2015-05-20 21:46:50 UTC

Is there a suggested way to do the equivalent of np.sum along a particular
axis for a high-dimensional GPUarray?

I saw that this was discussed in 2009, before GPUarrays carried stride
information.

Thanks,
Luke

Andreas Kloeckner

2015-05-21 11:59:35 UTC

Permalink

Post by Luke Pfister
Is there a suggested way to do the equivalent of np.sum along a particular
axis for a high-dimensional GPUarray?
I saw that this was discussed in 2009, before GPUarrays carried stride
information.

Hand-writing a kernel is probably still your best option. Just map the
non-reduction axes to the grid/thread block axes, and write a for loop
to do the summation.

HTH,
Andreas

Jerome Kieffer

2015-05-21 12:54:30 UTC

Permalink

On Thu, 21 May 2015 07:59:35 -0400

Post by Andreas Kloeckner

Hand-writing a kernel is probably still your best option. Just map the
non-reduction axes to the grid/thread block axes, and write a for loop
to do the summation.

Won't you win by having 1 workgroup (sorry it is the OpenCL name, can't remember the CUDA one)
doing a partial parallel reduction ?

i.e. 1 workgroup = 32 threads
First stage:
32x( read + add) to shared memory as much as needed for the dimension of the gpuarray

Second stage:
Parallel reducton within the shared memory (even without barrier as we are in a warp)

Cheers,

Andreas Kloeckner

2015-05-21 13:12:10 UTC

Permalink

Post by Jerome Kieffer
On Thu, 21 May 2015 07:59:35 -0400

Post by Andreas Kloeckner

Hand-writing a kernel is probably still your best option. Just map the
non-reduction axes to the grid/thread block axes, and write a for loop
to do the summation.

Won't you win by having 1 workgroup (sorry it is the OpenCL name, can't remember the CUDA one)
doing a partial parallel reduction ?
i.e. 1 workgroup = 32 threads
32x( read + add) to shared memory as much as needed for the dimension of the gpuarray
Parallel reducton within the shared memory (even without barrier as we are in a warp)
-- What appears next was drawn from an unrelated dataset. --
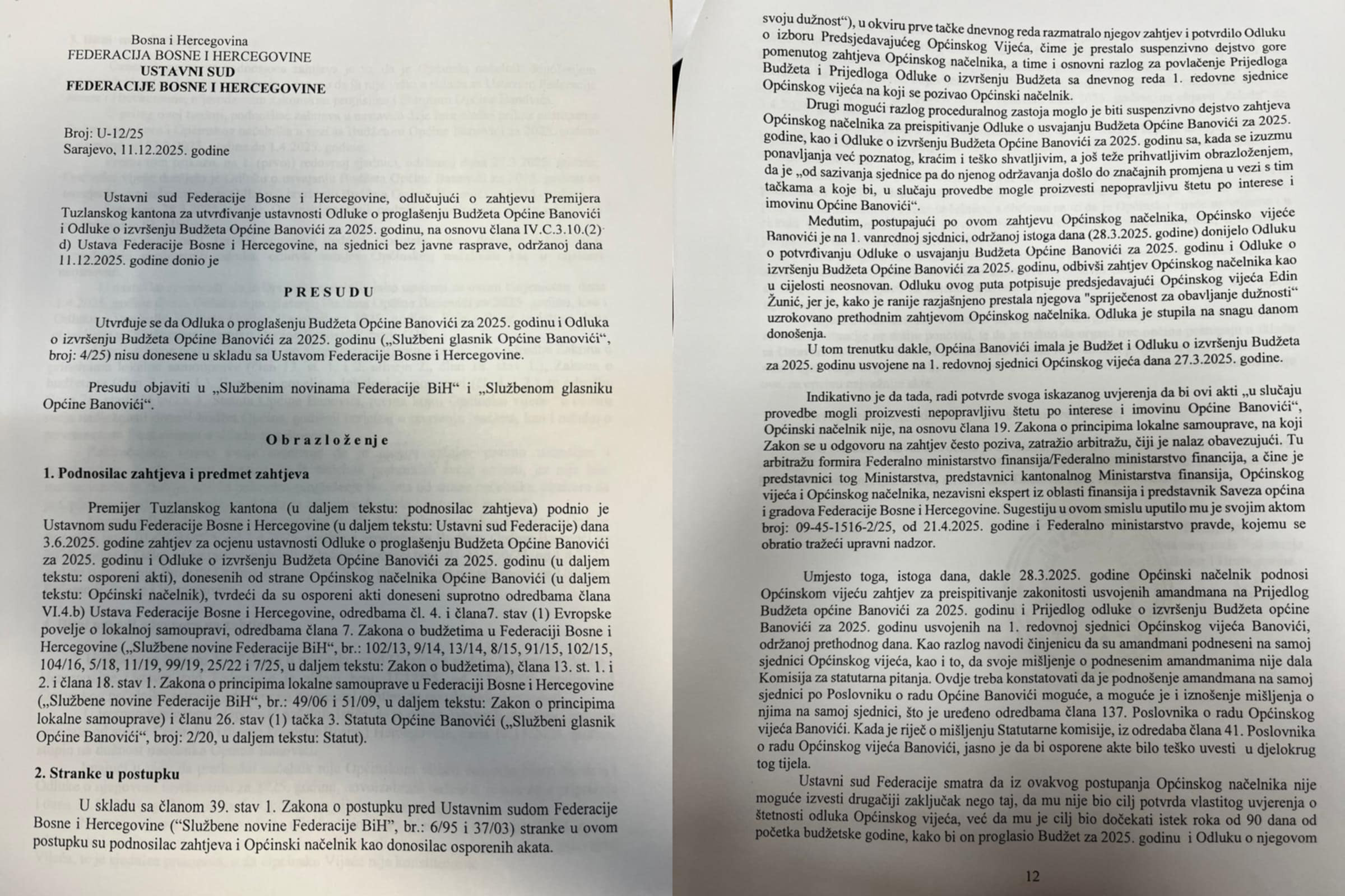 Ustavni sud Federacije Bosne i Hercegovine donio je presudu kojom je utvrdio da Odluka o proglašenju Budžeta Opštine Banovići za 2025. godinu i Odluka o izvršenju Budžeta za 2025. godinu, koje je donio načelnik, nisu u skladu sa Ustavom Federacije BiH.

I'd say that depends on the shape of the array, or, specifically, on
whether your other axes are big enough to fill the GPU. If they are,
then parallel reduction is not a winner, since it's not
work-efficient. (Work = n, span = log(n)) On the other hand, if you're
hurting to fill the machine, then it might be worth considering.

Andreas